In the first week of July, an American citizen came to India to meet Mahatma Gandhi. He asked Mahatma for his autograph, but Gandhiji asked him to pay Rs 20. After bargaining, Gandhiji agreed to give him autograph for Rs 15 and got this amount deposited in the Harijan Welfare Fund.

As Indian Army was also to be divided between the two nations, the Government of India announced a new pay scale for the soldiers and fixed a monthly salary of Rs 3000 for the post of General while Rs 35 was fixed for a soldier with class 10 qualification.

With Jinnah’s stubbornness, Lord Mountbatten was very upset. The latter wrote a letter to Jinnah’s daughter Patricia and said her father was stuck in a situation from which it is very difficult to come out in a respectful manner. Further, he wrote that he too had ruined everything because of his over confidence. He also expressed his disappointment that despite working so hard, he made a huge mistake in understanding Jinnah, and he wanted to leave this place as soon as possible.

After a meeting of top leaders in the first week of July 1947, Mahatma Gandhi referred to George Bernard Shaw in his prayer meet. Bernard Shaw used to say that an Englishman is never wrong, he does everything according to principles. He serves the King but beheads the Monach using the principle of democracy. Therefore, which principle they would apply to leave India, Mahatma guessed.

On July 12, 1947, when Justice TL Shevde took oath in Nagpur wearing a Gandhi cap, a British judge asked him if he slept wearing a Gandhi cap? To this, Justice Shevde replied “yes” like you sleep wearing a hat on your head.

The next day in a press conference, when Mohammad Ali Jinnah was asked if he could tell how would he make Pakistan a modern democratic country. Jinnah said when did I say that? I never said that. 

Ahead of partition, when 470 Indian Civil Service officials were asked what did they want? 400 of them opted for retirement on 15th August, while 40 decided to stay in India and the rest 30 went to Pakistan.

The British government wanted its flag, Union Jack, to be included in the flags of India and Pakistan. Jawaharlal Nehru and Mohammad Ali Jinnah refused to accept this. On August 14, the British flag from the Lucknow Residency was removed and sent to London. This British flag was continuously waving there since 1857. 

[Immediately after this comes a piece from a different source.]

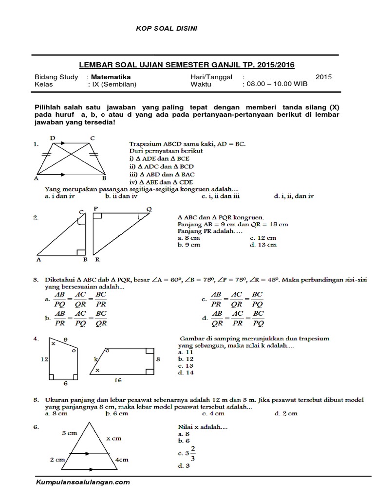 Soal uts matematika kelas 9 smp. Terima kasih dan selamat berpartisipasi. Bagi sebagian siswa, mempelajari matematika yakni soal yang menakutkan yang terus ditakuti saat sekolah. Mata pelajaran yang senantiasa sama dengan angka & rumus ini berhasil membuat beberapa orang jadi pusing. Mirisnya lagi, Untuk mendapat nilai optimal dalam mata pelajaran ini susahnya meminta ampun. Selamanya tidak remedial saja telah mesti bersyukur. Sesungguhnya belajar matematika tak sesusah yang dipikirkan oleh semua orang. Siapa pelajari materi ini, tak perduli apa satu orang pelajar sekolah atau siapa sajakah yang mau memperoleh basic Matematika bikin kehidupannya. Bila Anda pengin belajar matematika dengan terancang, cermati tips-tipsnya di bawah ini. Soal uts matematika kelas 9 smp Kumpulan soal uts kelas 9 smp mts semester 1 kurikulum 2013 lengkap semua pelajaran ini terdiri dari. Untuk sebagian siswa, belajar matematika merupakan soal yang mengerikan yang selamanya ditakuti sewaktu sekolah. Mata pelajaran yang selamanya persis dengan angka serta rumus ini berhasil bikin beberapa siswa jadi pusing. Mirisnya lagi, Bagi mendapati nilai maksimum di mata pelajaran ini sulitnya memohon ampun. Selama tidak remedial saja udah penting bersyukur. Sesungguhnya belajar matematika tidak sesukar yang dipikirkan oleh seluruh orang. Siapa pelajari materi ini, tak perduli apa satu orang pelajar sekolah atau siapa yang pengin mendapati landasan Matematika untuk kehidupannya. Jika Anda pengin belajar matematika lebih terancang, simak tips-tipsnya di bawah ini. Soal uts matematika kelas 9 smp Kumpulansoalulangan dot com download dan dapatkan soal ulangan latihan matematika smp kelas 9 semester 1 untuk uts tahun 2015 2016 berdasarkan kurikulum ktsp soal ini terdiri dari pilihan ganda sebanyak 30 butir dan uraian sebanyak 2 soal saja. Bagi sebagian orang, belajar matematika adalah hal yang mengerikan yang selamanya ditakuti saat sekolah. Mata pelajaran yang terus sama juga dengan angka & rumus ini berhasil buat sebagian orang jadi pusing. Mirisnya lagi, Untuk mendapat nilai maksimum dalam mata pelajaran ini sulitnya memohon ampun. Selamanya tidak remedial saja telah harus bersyukur. Memang belajar matematika tak sesusah yang diasumsikan oleh seluruh orang. Siapa mendalami materi ini, tidak perduli apa seseorang pelajar sekolah atau siapa yang pengin memperoleh landasan Matematika bikin kehidupannya. Bila Anda ingin belajar matematika lebih terancang, simak tips-tipsnya di bawah ini. Soal uts matematika kelas 9 smp Download soal siap uts matematika kelas 9 smp semester 1 terbaru semoga sebaran informasi ini bermanfaat dan salam sukses selalu untuk anda. Bagi beberapa orang, belajar matematika merupakan soal yang mengerikan yang selamanya ditakuti sewaktu sekolah. Mata pelajaran yang terus sama dengan angka serta rumus ini berhasil membuat beberapa siswa jadi pusing. Mirisnya lagi, Bagi mendapatkan nilai maksimal dalam mata pelajaran ini susahnya meminta ampun. Selama tidak remedial saja sudah mesti bersyukur. Sesungguhnya belajar matematika tak sesukar yang dibayangkan oleh seluruh orang. Siapa sajakah mendalami materi ini, tidak perduli apa seseorang pelajar sekolah atau siapa yang ingin mendapati landasan Matematika bikin kehidupannya. Bila Anda ingin belajar matematika dengan terancang, cermati tips-tipsnya di bawah ini. Soal uts matematika kelas 9 smp

Notably, Rs 2 lakh was sanctioned for organizing the events related to Independence Day in Lucknow. 

In Mumbai, a name plate with M A Jinnah – Bar At Law was also removed from a chamber of lawyers. This was the name plate of Mohammad Ali Jinnah who was also an advocate. 

India got independence at midnight, but the reason behind was no less interesting. A telegram from Lord Mountbatten was sent to Britain suggesting that it was advised by some Indian astrologers who considered it auspicious.

When someone asked Jinnah about role of the army in Pakistan, he became very angry. He stared at the person from top to bottom and said that there will be a government of citizens in Pakistan and those who diffe have no right to come to Pakistan. But his claims proved wrong like the rest of his claims and the army ruled in Pakistan for 33 years.

By the first week of August 1947, the number of refugees in Delhi swelled to 80,000, and there was a shortage of food. Schools were run in two shifts so that studies were not impacted. 

During this time only, it was decided that the Prime Minister’s official residence would be at 7 Prithvi Raj Road in Delhi, but 7 Race Course was later made the official residence of the Prime Minister of India. This is curently renamed as 7 Lok Kalyan Marg.

Interestingly, the Board of Control for Cricket in India (BCCI), which was established in 1928 as cricket was very popular in India. The then BCCI chairman Anthony de Mello had suggested that the partition should not divide the cricket team as it would affect the spirit of the game.